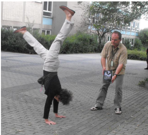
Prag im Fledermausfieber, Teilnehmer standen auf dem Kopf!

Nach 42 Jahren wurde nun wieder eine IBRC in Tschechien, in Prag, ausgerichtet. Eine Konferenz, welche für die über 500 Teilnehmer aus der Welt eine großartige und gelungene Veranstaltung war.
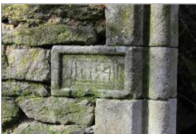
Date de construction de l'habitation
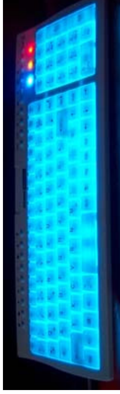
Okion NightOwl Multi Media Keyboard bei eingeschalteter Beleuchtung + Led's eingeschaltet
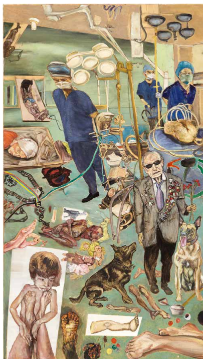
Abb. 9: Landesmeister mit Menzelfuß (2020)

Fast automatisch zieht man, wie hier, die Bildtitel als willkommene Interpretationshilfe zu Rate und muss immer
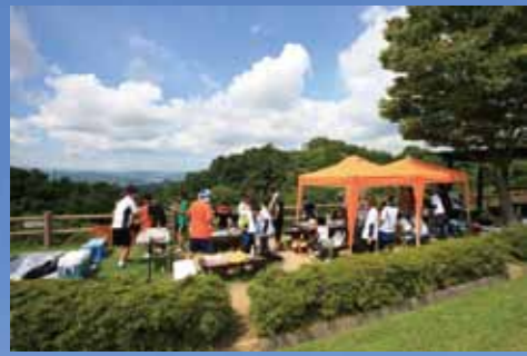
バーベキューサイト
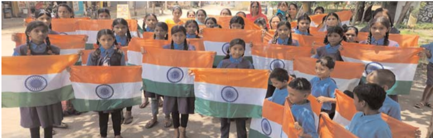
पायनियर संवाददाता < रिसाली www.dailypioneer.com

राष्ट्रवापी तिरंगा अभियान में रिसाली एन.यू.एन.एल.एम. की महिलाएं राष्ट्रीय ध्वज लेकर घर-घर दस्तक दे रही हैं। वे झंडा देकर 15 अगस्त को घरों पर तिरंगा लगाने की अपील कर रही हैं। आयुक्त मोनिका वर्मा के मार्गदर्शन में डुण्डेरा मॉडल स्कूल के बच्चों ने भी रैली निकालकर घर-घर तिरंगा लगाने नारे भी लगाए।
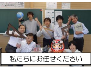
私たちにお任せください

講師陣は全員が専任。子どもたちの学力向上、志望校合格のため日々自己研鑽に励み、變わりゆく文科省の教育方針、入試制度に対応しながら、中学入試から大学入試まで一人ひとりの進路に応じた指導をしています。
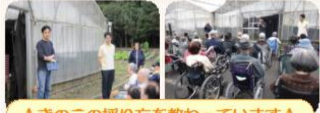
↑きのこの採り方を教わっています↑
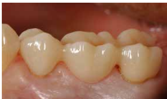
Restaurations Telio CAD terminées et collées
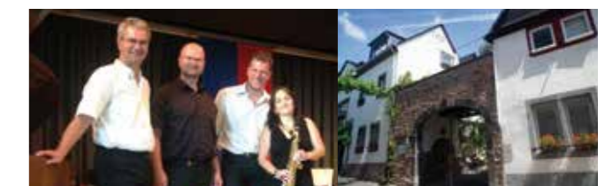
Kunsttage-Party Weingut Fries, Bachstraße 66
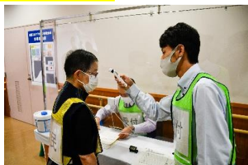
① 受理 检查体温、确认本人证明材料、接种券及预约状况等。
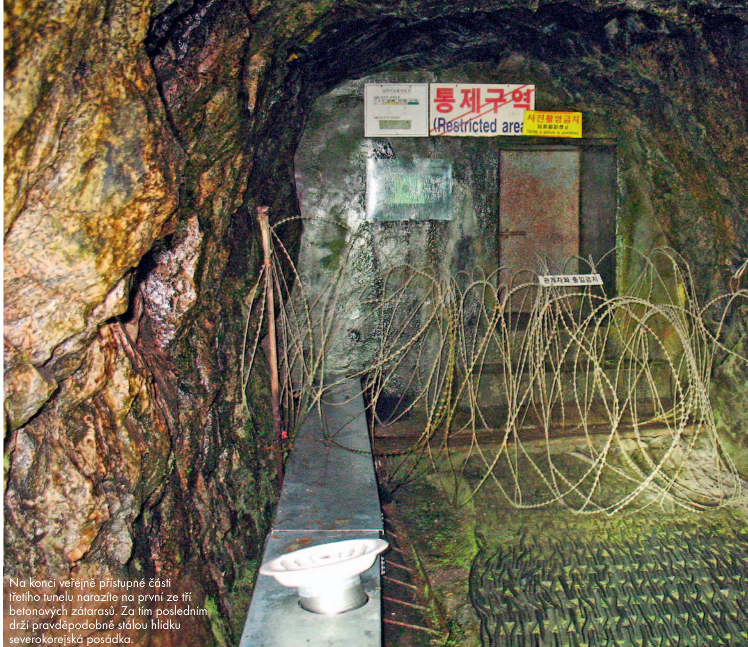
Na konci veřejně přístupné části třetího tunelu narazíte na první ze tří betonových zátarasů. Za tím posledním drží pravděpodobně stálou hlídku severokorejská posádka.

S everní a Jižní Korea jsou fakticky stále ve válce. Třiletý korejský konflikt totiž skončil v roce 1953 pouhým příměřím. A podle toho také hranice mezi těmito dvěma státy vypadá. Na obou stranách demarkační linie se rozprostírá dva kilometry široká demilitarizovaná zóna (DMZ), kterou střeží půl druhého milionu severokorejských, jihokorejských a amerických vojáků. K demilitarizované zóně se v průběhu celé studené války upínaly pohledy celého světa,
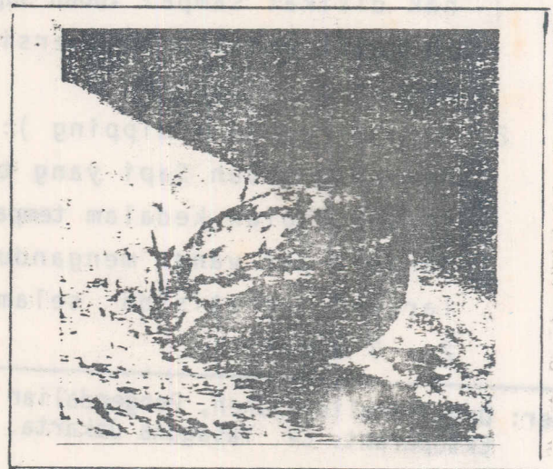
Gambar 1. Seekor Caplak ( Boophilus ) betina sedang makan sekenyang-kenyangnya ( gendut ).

◇ ◇ ◇ ◇

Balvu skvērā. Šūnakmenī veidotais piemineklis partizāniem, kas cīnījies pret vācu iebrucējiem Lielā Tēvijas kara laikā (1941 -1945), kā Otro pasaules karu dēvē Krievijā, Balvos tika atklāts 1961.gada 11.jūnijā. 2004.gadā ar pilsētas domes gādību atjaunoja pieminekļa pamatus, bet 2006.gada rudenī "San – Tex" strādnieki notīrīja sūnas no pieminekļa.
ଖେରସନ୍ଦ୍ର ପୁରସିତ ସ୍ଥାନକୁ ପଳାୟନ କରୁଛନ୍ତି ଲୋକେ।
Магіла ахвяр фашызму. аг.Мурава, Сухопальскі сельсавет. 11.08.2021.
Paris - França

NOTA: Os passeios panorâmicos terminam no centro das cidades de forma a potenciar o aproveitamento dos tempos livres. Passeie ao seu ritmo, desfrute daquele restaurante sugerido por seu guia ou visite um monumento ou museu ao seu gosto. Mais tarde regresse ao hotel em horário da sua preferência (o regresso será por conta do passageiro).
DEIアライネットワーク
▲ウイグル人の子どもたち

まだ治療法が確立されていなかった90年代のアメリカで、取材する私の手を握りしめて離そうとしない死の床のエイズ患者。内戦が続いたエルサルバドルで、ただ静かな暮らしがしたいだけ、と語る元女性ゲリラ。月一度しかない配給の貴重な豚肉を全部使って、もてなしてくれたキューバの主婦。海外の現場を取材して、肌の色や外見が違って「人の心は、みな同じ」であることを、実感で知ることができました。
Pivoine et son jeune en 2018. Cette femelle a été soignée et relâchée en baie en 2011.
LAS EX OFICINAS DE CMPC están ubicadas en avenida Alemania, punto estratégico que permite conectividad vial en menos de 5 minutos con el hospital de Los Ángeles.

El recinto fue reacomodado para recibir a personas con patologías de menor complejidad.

◇ ◇ ◇ ◇

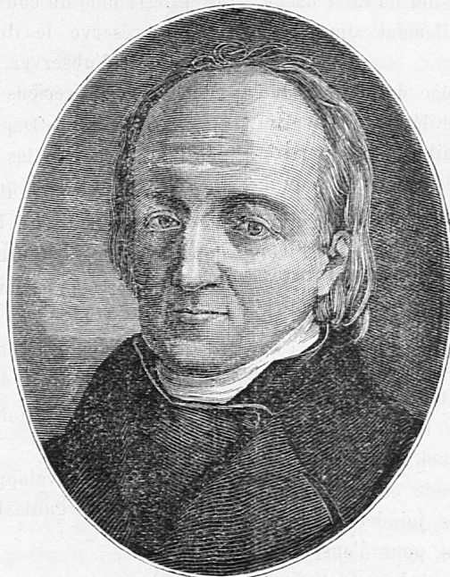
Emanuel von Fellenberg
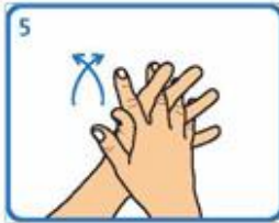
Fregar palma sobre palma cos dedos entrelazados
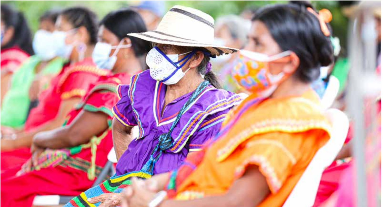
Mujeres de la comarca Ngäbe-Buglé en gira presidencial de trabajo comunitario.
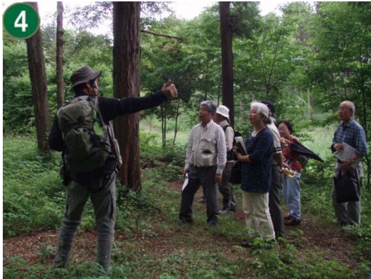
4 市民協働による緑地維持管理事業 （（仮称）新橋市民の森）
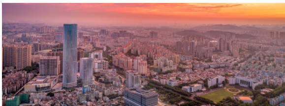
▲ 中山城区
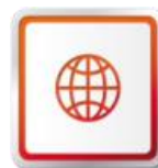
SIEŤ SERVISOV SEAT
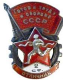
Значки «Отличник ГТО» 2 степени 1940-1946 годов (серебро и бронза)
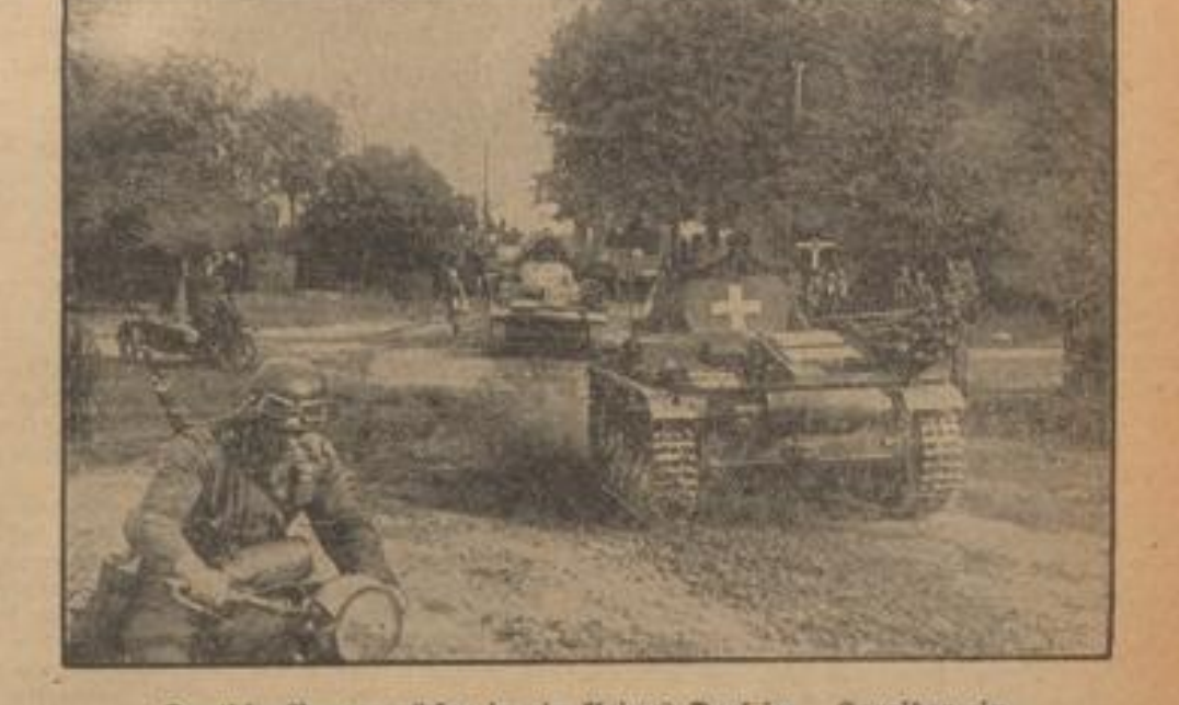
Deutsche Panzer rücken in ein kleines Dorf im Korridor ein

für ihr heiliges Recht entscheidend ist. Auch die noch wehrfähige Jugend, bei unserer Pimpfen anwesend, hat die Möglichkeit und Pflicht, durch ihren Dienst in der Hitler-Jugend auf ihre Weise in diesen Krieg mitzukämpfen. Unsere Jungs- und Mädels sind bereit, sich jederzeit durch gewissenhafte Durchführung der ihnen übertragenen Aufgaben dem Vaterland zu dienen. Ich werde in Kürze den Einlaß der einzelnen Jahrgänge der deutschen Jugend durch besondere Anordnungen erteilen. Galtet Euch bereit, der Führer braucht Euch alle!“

◇ ◇ ◇ ◇

Exercise objective: All that should appear in the answer is the lines above from the line with "Fregar palma sobre" through the line with "(серебро и бронза)", retyped exactly, pictures left out.

Response to the exercise:
Fregar palma sobre palma cos dedos entrelazados
Mujeres de la comarca Ngäbe-Buglé en gira presidencial de trabajo comunitario.
4 市民協働による緑地維持管理事業 （（仮称）新橋市民の森）
▲ 中山城区
SIEŤ SERVISOV SEAT
Значки «Отличник ГТО» 2 степени 1940-1946 годов (серебро и бронза)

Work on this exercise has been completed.